• [DIRECTIONS] Reproduce the listing in full, pictures excluded.

• [INFORMATION SUPPLIED]
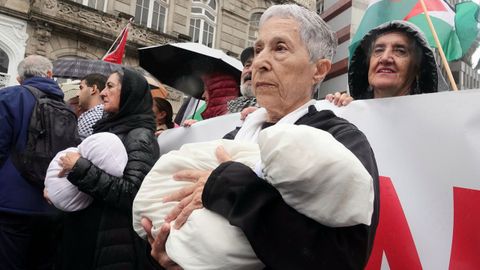 La movilización recorrió Urzáiz hasta la porta do Sol reclamando el fin del conflicto y denunciando las muertes y hambruna de niños y adultos a manos de Israel
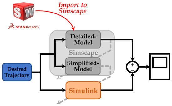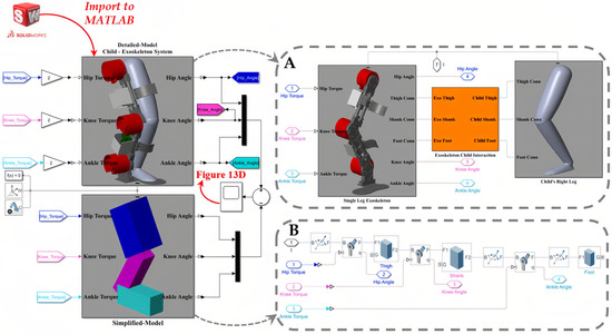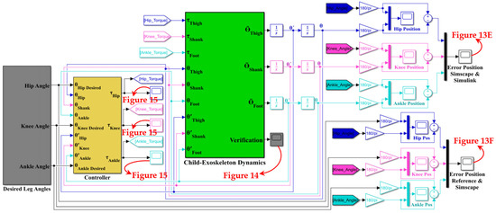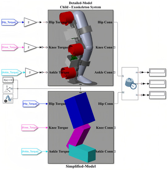 The presented inverse dynamics model is directly implemented to model the coupled human–exoskeleton system in MATLAB Simulink®. This approach enables the simulation of the system’s behavior under different conditions and facilitates the analysis of its dynamics.
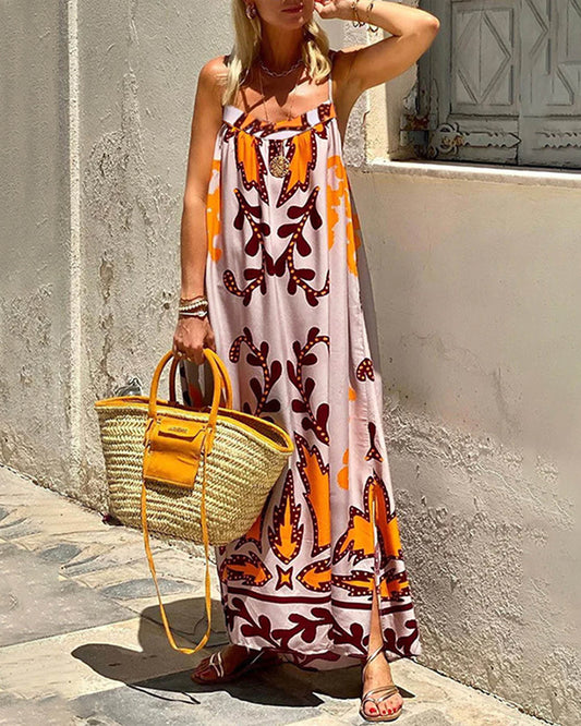 Robe mi-longue imprimée à découpes et manches lanternes avec nœud dans le dos
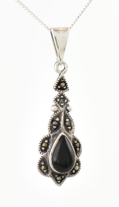 Ezüst (Ag) kővel ékített medál, láncon, jelzett, h: 40 cm, bruttó: 2,89g

• [SOLUTION BELOW]
 La movilización recorrió Urzáiz hasta la porta do Sol reclamando el fin del conflicto y denunciando las muertes y hambruna de niños y adultos a manos de Israel
 The presented inverse dynamics model is directly implemented to model the coupled human–exoskeleton system in MATLAB Simulink®. This approach enables the simulation of the system’s behavior under different conditions and facilitates the analysis of its dynamics.
 Robe mi-longue imprimée à découpes et manches lanternes avec nœud dans le dos
 Ezüst (Ag) kővel ékített medál, láncon, jelzett, h: 40 cm, bruttó: 2,89g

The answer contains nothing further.